SQLite FTS5 won't tokenize Chinese — here's the 7-line bigram fix that did
Day 18 of my public cold start. After yesterday's pivot from a $9 PDF (17 days / 247 readers / 0 sales) to pbot — a one-click personal knowledge bot — I built the spike. 25 minutes from npm init to end-to-end query.
One detail almost killed it.
The setup
Stack: Node + Express + better-sqlite3 + Anthropic SDK. Five dependencies total. No LangChain, no ChromaDB, no Python embed worker. Aggressive minimalism on purpose because the v1 ships as a single binary on the user's own machine.
Retrieval: SQLite FTS5 with BM25, virtual table:
CREATE VIRTUAL TABLE chunks_fts USING fts5(
content,
topic,
source UNINDEXED,
tokenize='unicode61 remove_diacritics 2'
);
unicode61 is the FTS5 default. Solid for English, handles Vietnamese diacritics, lowercases properly.
131 chunks ingested from my pbot SPEC docs. Test query: 變壓器絕緣油試驗規範 (transformer insulating oil test spec — one of the questions my factory daemon would answer).
SELECT source FROM chunks_fts WHERE chunks_fts MATCH '"變壓器"';
-- 0 rows
Zero. From 131 chunks containing the exact phrase.
Why unicode61 fails on CJK
unicode61 tokenizes on Unicode word boundaries. For English, that's whitespace + punctuation. Roman alphabet → real tokens.

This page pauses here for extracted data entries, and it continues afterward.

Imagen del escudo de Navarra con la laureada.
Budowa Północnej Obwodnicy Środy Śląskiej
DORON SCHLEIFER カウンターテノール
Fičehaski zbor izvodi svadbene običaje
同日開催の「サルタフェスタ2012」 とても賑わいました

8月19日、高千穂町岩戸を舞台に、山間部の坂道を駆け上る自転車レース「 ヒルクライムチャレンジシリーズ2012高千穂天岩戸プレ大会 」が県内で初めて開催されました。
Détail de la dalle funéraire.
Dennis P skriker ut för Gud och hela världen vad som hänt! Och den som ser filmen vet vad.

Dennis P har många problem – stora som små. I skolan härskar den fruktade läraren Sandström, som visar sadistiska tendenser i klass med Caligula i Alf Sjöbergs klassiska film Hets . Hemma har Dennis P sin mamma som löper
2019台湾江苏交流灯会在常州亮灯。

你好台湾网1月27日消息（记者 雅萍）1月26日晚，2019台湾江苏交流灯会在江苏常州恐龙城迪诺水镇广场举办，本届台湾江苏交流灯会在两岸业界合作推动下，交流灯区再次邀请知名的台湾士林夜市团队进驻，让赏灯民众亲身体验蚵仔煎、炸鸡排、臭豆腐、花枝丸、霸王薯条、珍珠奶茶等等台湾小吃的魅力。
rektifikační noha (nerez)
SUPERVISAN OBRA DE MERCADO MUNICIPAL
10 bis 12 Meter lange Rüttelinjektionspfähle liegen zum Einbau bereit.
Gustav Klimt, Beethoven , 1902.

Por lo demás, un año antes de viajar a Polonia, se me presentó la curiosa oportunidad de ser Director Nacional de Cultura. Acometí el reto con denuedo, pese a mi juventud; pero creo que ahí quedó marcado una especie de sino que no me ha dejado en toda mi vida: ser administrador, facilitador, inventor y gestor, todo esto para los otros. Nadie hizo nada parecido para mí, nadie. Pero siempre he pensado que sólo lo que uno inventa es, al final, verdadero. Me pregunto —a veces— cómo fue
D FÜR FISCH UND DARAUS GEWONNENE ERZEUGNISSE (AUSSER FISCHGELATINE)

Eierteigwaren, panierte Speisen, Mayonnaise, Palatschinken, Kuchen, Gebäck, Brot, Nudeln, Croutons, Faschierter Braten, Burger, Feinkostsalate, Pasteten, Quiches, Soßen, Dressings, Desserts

CJK has no word boundaries. unicode61 sees 變壓器絕緣油試驗規範 as one token — the entire 10-character run. MATCH on "變壓器" is searching for a token that equals 變壓器 exactly, not a substring of a larger token. No match.

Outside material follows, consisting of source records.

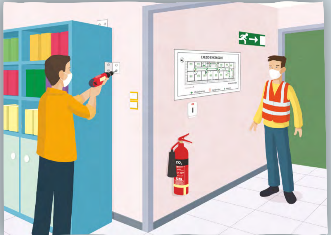
Επισήμανση και άρση επικινδυνότητας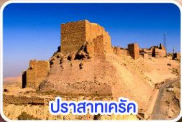
ปราสาทเกร็ด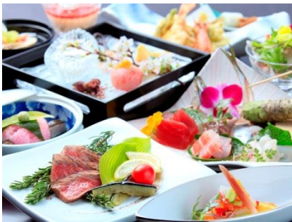
【スタンダード鉄板会席~風 kaze~】

ゆとりろ熱海が提案する新感覚の旅館ステイの代表が、お客様の目の前で調理し、出来立てを提供するライブキッチンスタイル。視覚・嗅覚・味覚・感覚・触覚の“五感”を全て使って愉しむ創作和食をコースで提供。熱海という立地でライブキッチンという新しいスタイルを提案しながら、他の旅館との差別化を図る。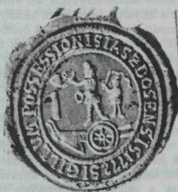
18. kép. Jászdózsai pecsétkép 1699-ből és 1772-ből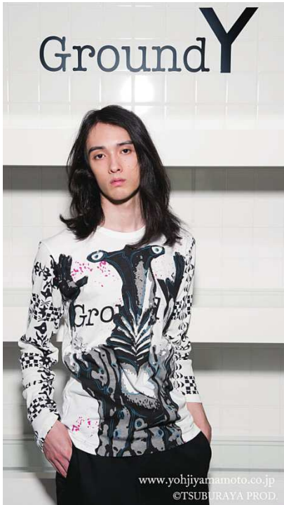
カットソー (ペガッサ星人)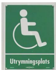
skylt vid utrymningsplats

En tillfällig utrymningsplats är placerad i egen brandcell och är utrustad med en nödtelefon för tvåvägskommunikation. När den röda tryckknappen trycks in, vidarekopplas ett larm till plats bemannad dygnet runt. Det upprättas en talkommunikation med den nödställda och undsättning kan ske.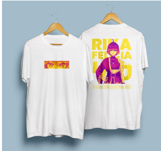
Gambar 5. 7 Desain kaos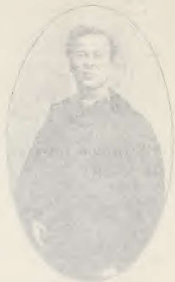
MR. J. W. [Name] [Address]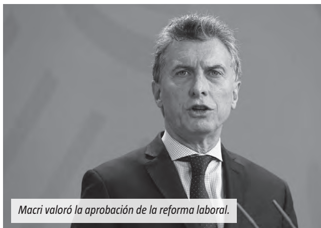
Macri valoró la aprobación de la reforma laboral.

En un nuevo guiño de apoyo al Gobierno, el expresidente Mauricio Macri valoró la aprobación del Senado al proyecto de ley de la reforma laboral y consideró que era “un paso adelante en la dirección correcta”.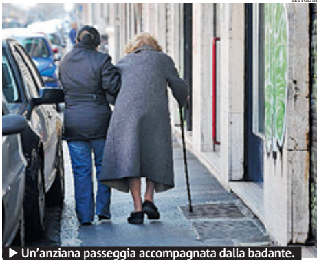
► Un'anziana passeggia accompagnata dalla badante.

Un fenomeno al quale le istituzioni stanno rispondendo. A Milano, da fine

SQLite has an ICU tokenizer that handles CJK better, but it requires building SQLite with --enable-fts5 AND ICU linked. better-sqlite3 ships prebuilt without ICU. Not a viable path for a "drop binary on user's machine" product.

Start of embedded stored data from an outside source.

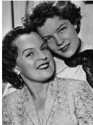
Die Mutter mit der Tochter: Magda und Romy Schneider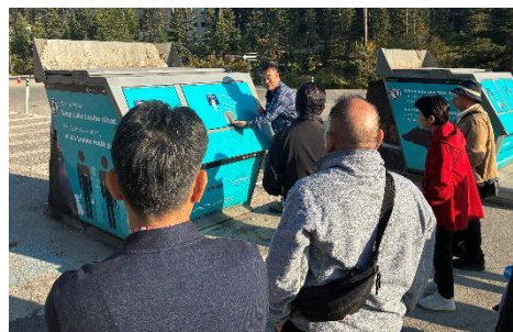
【熊被害を削減するために設置されたごみ箱】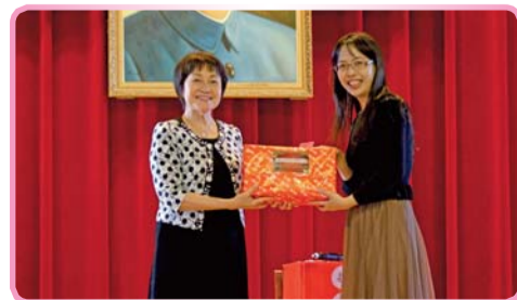
▲ 校長與幸運贏得頭獎同仁合照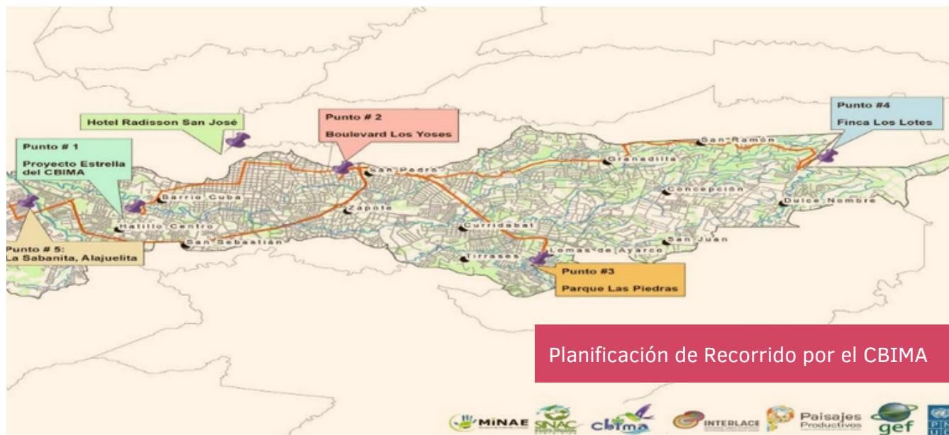
Planificación de Recorrido por el CBIMA

Otro ejemplo es el proyecto de jardinería urbana Parque las Piedras . Este espacio permite a los residentes entrar en contacto con la naturaleza y su comunidad, brindando un hábitat adecuado para aves e insectos, como las abejas, y reduciendo los gastos de alimentación de las familias involucradas en la jardinería.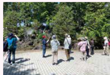
『スカイパーク四季めぐり 園内ガイドツアー〔春〕』 5.11@ターミナルゾーン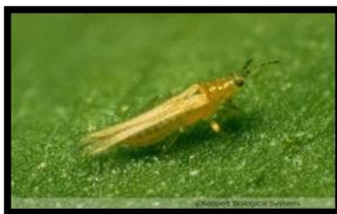
Slika 6. Frankliniella occidentalis Perg, Kalifornijski trips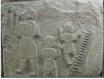
Şekil 11: Alaca Höyük Sfenksli Kapı

Şekil 9 Alaca Höyük Sfenksli Kapı Batı Kulesi, Boğa/Fırtına Tanrısı ve tapınma sahnesinin betimlendiği bir rölyef, Şekil 10 ise ilgili rölyeften yola çıkılarak yapılan öğrenci çalışmasını yansıtmaktadır. Batı kulesinde kapıya yakın köşeden itibaren kült töreni sahneleri başladığı bu rölyefin Hititlerin kültürünü yansıtan bir örnek olabileceği düşünülmüştür.

Three options I considered
- jieba / nodejieba — proper Chinese segmentation. Adds a Python or N-API dependency. Quality higher but spike scope creep.
- Embeddings — OpenAI ada-002 or local sentence-transformers. Solves the language problem entirely but adds API cost and embedding latency per query. Premature for spike.
-
Bigram preprocessing — transform
變壓器into變壓 壓器before storing/querying. Pure string transform. No new dependency. Quality good enough for keyword search.
Picked 3 for the spike. Embeddings stay on the v1.1 list.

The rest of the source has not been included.